Plaintiffs have shown that common questions of law and fact predominate. Specifically, Plaintiffs claim that Defendants engaged in standardized conduct that violated specified laws, and the class will therefore be cohesive. See id.
A central question under the superiority requirement is whether the proposed class will be manageable, and allowing this case to proceed as a class action certainly would be. See Chartwell Fin. Servs., 204 F.3d at 760. It would also be the most efficient way to resolve Plaintiffs' claims, especially considering that most Plaintiffs reside outside of the United States and would therefore be unlikely to seek relatively small damages. See Amchem Prods., 521 U.S. at 617, 117 S.Ct. at 2246 (noting that the Advisory Committee "sought to cover cases in which a class action would achieve economies of time, effort, and expense, and promote . . . uniformity of decision as to persons similarly situated, without sacrificing procedural fairness or bringing about other undesirable results" (internal quotation omitted)). Accordingly, class resolution would be superior to other available methods of pursuing these claims.

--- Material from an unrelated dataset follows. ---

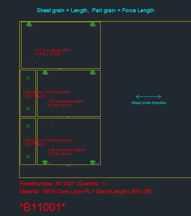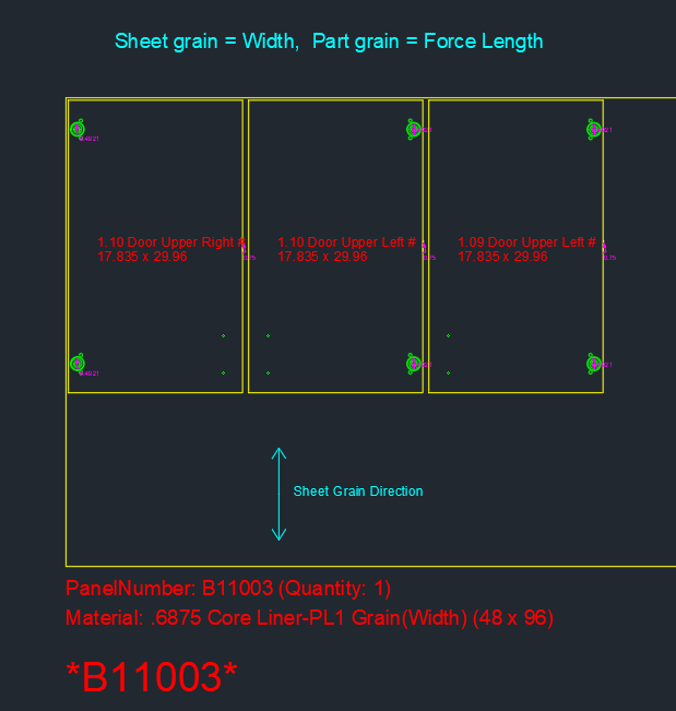 The Microvellum optimization algorithms produce what we call a "grain container" on the sheet layouts. The grain container contains all the parts that have been set up to be included in each group. That means that all part setup with #1 will be grouped into a single grain container.

For the foregoing reasons, the Court grants Plaintiffs' Motion and certifies a class consisting of: "All persons identified by Plaintiffs who paid a fee to Louise Merchant and/or International H-2B/J-1 Work & Travel USA, Corporation for the purpose of obtaining a H-2B or J-1 visa but did not receive a H-2B or J-1 visa procured by Louise Merchant and/or International H-2B/J-1 Work & Travel USA, Corporation."